The men in the slit trenches didn’t have a chance, did they? The panzers went straight for them, driving over them and then turning a bit, and crushing them under the tracks. And the mines did nothing. They weren’t even useful as rubble—the panzers ran right over them. By afternoon, the battle in Frank’s immediate vicinity was over, and he was stranded in his little pocket. The sniper nearby, Courtney, was shot and probably dead—Frank could see him stretched across the dry hillside, unmoving, making no noise. The wounded always made noise. The others, if they were alive, were as quiet as mice, just like Frank, waiting for darkness. He hoped that the Stukas would decide he wasn’t worth strafing, but he had chosen this indentation in the hillside with that very thing in his mind—they could not see him from above or behind or in front, only from below, and now there was nothing going on below. The Germans had moved on, leaving a horrifying mess of armor and bodies strewn across the pass. Frank took out his compass. Eisenhower had been at Sidi Bou Zid that morning, which was certainly where the panzers were headed. Sidi Bou Zid was east-southeast. There was another town, Frank remembered—maybe it was T-something—he had heard it spoken of but of course could not read the Arabic of the name. At any rate, it was north-northwest. Frank put away his compass, then settled into his pocket, and waited for the sun to drop and the stars to blaze forth. The moon was almost full, but it didn’t rise until nearly midnight. Frank guessed he had about four hours to get somewhere.
BY THE TIME
the newsreels had shown the parade of prisoners after the Dieppe Raid, Rosanna and everyone else knew that Julius was dead, so they didn’t have to search the faces of the passing soldiers for a face that they knew. After the Battle of the Kasserine Pass, though (“Another fiasco!” insisted Walter. “Those German boys had been fighting for years, so they sent American boys right off the farm to take it on the chin!”), they did not know where Frankie was, only that he had been in the division, the brigade, and the company that was right in the thick of it, the very tank-and-infantry brigade that had allowed itself to be lured into the trap and destroyed.
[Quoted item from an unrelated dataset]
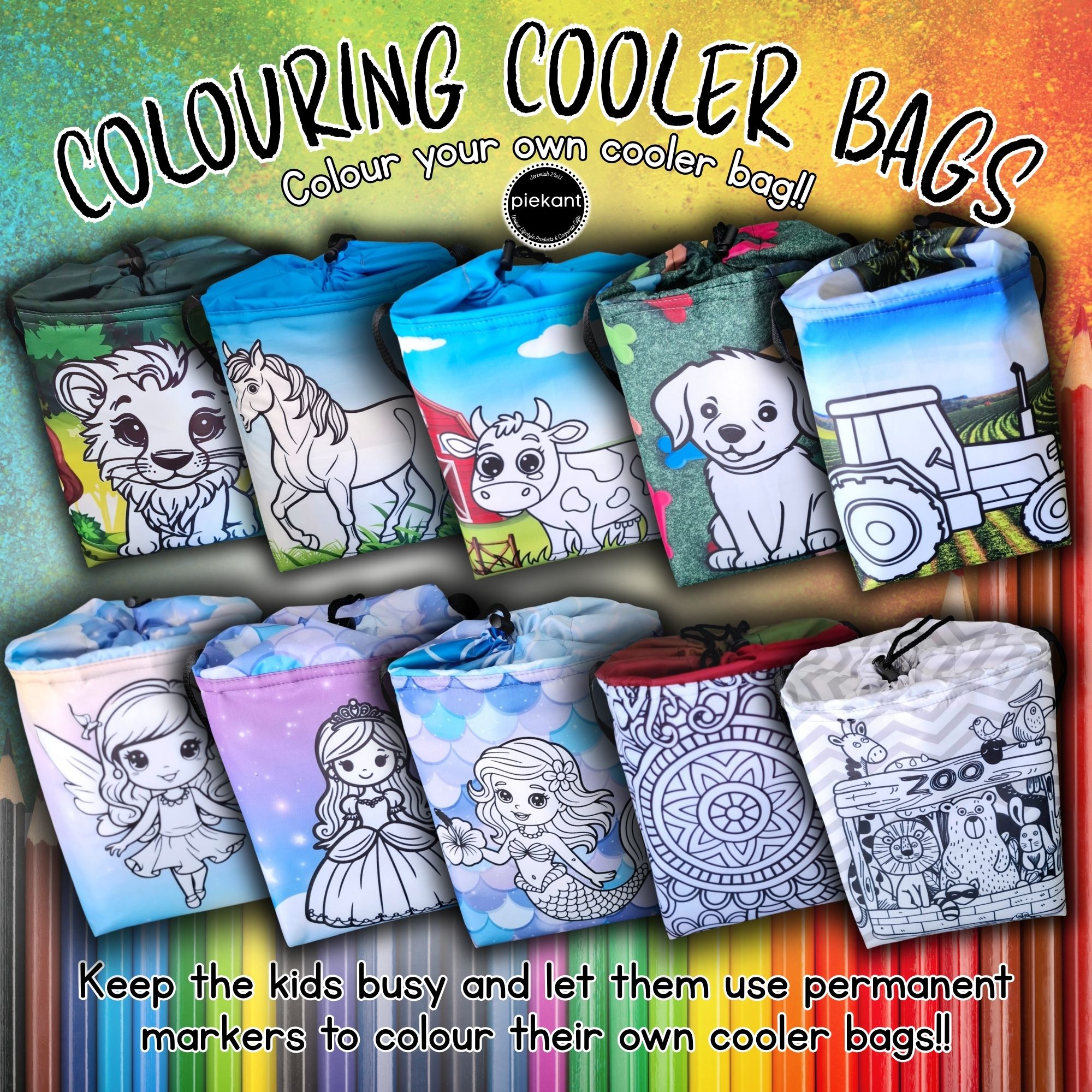 | Colouring Cooler Bags | Lion, Horse, Cow, Dog, Wild Animals, Tractor, Fairy, Princess, Mermaid, Mandala |

They knew Frankie was a sniper; that was their only hope, but it didn’t seem like much of one. When she saw the newsreel in Usherton,
Rosanna prayed, but thought, Well, if they capture him, they are in for a few surprises. It was a pleasant thought, although it didn’t last very long. However, only two days after the newsreel, they had a letter. Frankie had been in the battle, but, suspecting that the Germans would come back after destroying the tank brigades and the infantry emplacements to mop up outlying sitting ducks, he had retreated into the mountains (“Pretty dry and hot. I didn’t get far in the middle of the day”) for three days. Fortunately, once Rommel had won the battle, he called the operation off (“I guess he thought he’d done us in,” wrote Frankie), and so the Americans were able to regroup. Even so, there were thousands of casualties, and their commanding officer, Fredendall, had been relieved of his command (“Big stink,” said Frankie). Rosanna was of course thrilled that Frankie had turned up—alive, more than alive, perfectly fine and his usual self. She even baked him a batch of gingersnaps, boxed them up, and sent them off—gingersnaps because they traveled the best, and were often better on arrival after weeks in the mail. She didn’t really think they would get to him, but anyone in the army who might open them and eat them along the way would deserve them, she thought.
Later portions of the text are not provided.